The U.S. Army World Class Athlete Program (WCAP) is a military unit whose primary mission is to support nationally and internationally ranked soldiers in participating on the U.S. Olympic team. The program is headquartered at Fort Carson, Colorado.

Objectives
According to the U.S. Army, WCAP provides active duty, National Guard and reserve soldiers the opportunity to train and compete at national and international sports competitions with the ultimate goal of selection to the U.S. Olympic team and U.S. Paralympic team, while maintaining a professional military career and promoting the U.S. Army.

Selection
Any soldier-athlete (Active Duty, National Guard, Reserve) may apply for selection provided:
 Soldier is in good military standing
 The sport the soldier is applying for is an Olympic sport
 Soldier has completed Advanced Individual Training (enlisted) or Officer Basic Course (officer)
 Soldier meets sport specific entry standards, which normally consists of attaining a high national ranking or being selected to a U.S. National Team for international competition
 WCAP is not a developmental program; it targets athletes who have achieved world class status in their sport

WCAP Olympians

2022 
During the 2022 Winter Olympics in Beijing, China five soldier-athletes represented WCAP and the US Army in the XXIV Olympiad.

 Sgt.
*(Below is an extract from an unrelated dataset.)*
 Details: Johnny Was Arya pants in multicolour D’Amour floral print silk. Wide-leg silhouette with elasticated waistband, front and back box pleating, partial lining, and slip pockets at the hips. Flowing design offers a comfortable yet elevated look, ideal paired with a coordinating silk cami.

Emily Sweeney, Women's Singles Luge
 Sgt. Benjamin Loomis, Nordic Combined
 Sgt. Jasper Good, Nordic Combined
 Spc. Hakeem Abdul-Saboor, Two and Four-Man Bobsled
 Spc. Frank Del Duca, Two and Four-Man Bobsled

2020 
During the 2020 Summer Olympics in Tokyo, Japan twelve soldier-athletes represented WCAP and the US Army in the XXII Olympiad.

 Staff Sgt. Naomi Graham, Boxing
 Staff Sgt. Sandra Uptagrafft, Shooting
 1st Lt. Amber English, Shooting
 Staff Sgt. Nickolaus Mowrer, Shooting
 Sgt. 1st Class Elizabeth Marks, Paralympic Swimming
 Staff Sgt. Kevin Nguyen, Paralympic Shooting
 Staff Sgt. John Joss, Paralympic Shooting
 Sgt. Ildar Hafizov, Wrestling
 Spc. Alejandro Sancho, Wrestling
 Sgt. Amro Elgeziry, Modern Pentathlon
 Sgt. Samantha Schultz, Modern Pentathlon
 Spc. Benard Keter, Track and Field

2018
During the 2018 Winter Olympics in Pyeongchang, South Korea seven soldier-athletes represented WCAP and the US Army in the XXIII Olympiad.
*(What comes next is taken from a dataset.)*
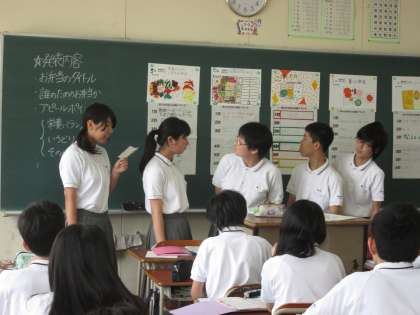 お弁当の名称、誰を対象にした弁当か、アピールポイント、栄養のバランスなど、役割分担して発表してくれました。

 Maj Christopher Fogt, Two and Four-Man Bobsled
 Sgt. 1st Class Nate Weber, Four-Man Bobsled
 Sgt Nick Cunningham, Two and Four-Man Bobsled
 Sgt Justin Olsen, Two and Four-Man Bobsled
 Sgt Emily Sweeney, Women's Singles Luge
 Sgt Taylor Morris, Singles Luge
 Sgt Matthew Mortensen, Doubles Luge

2016

The program sent four Kenyan-born soldier-runners to compete at the Rio 2016 Summer Olympics.
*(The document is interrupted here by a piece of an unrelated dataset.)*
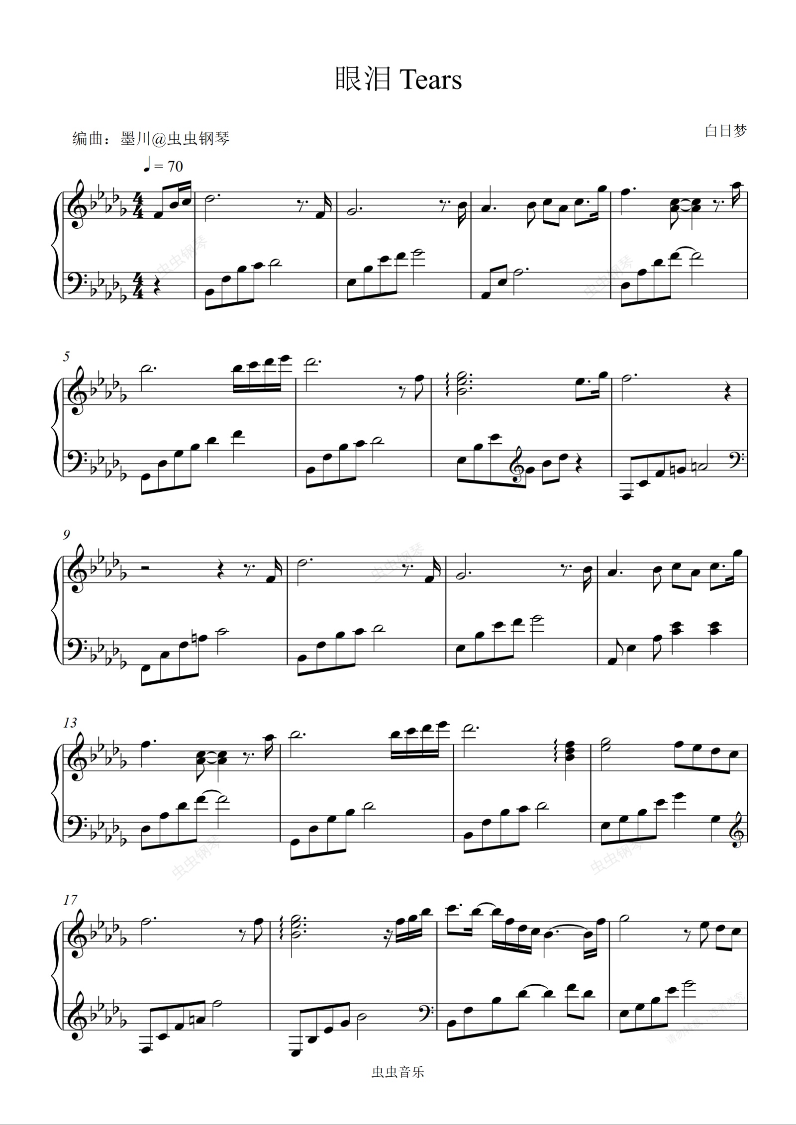 钢琴谱:眼泪 Tears—白日梦—原调降b小调

 Sgt. Hillary Bor, 3,000 m steeplechase
 Spc. Paul Chelimo, 5,000 m run won the silver medal
 Spc. Shadrack Kipchirchir, 10,000 m run
 Spc. Leonard Korir, 10,000 m run
as well as
 Staff Sgt. John Nunn, 50 km racewalk

2012
The program sent seven athletes and four coaches to the London 2012 Summer Olympics.
 Sergeant First Class Dremiel Byers, Greco-Roman wrestling, 120 kg
 Sgt. 1st Class Keith Sanderson, rapid fire pistol
 Sgt. 1st Class Daryl Szarenski, pistol
 Staff Sgt. John Nunn, 50 km racewalk
 Spc. Justin Lester, Greco-Roman wrestling, 66 kg
 Sgt. Spenser Mango, Greco-Roman wrestling, 55 kg
 Spc. Dennis Bowsher, Modern Pentathlon

2010

During the 2010 Vancouver Winter Games three soldier-athletes and one coach represented WCAP and the US Army in the XXI Olympiad.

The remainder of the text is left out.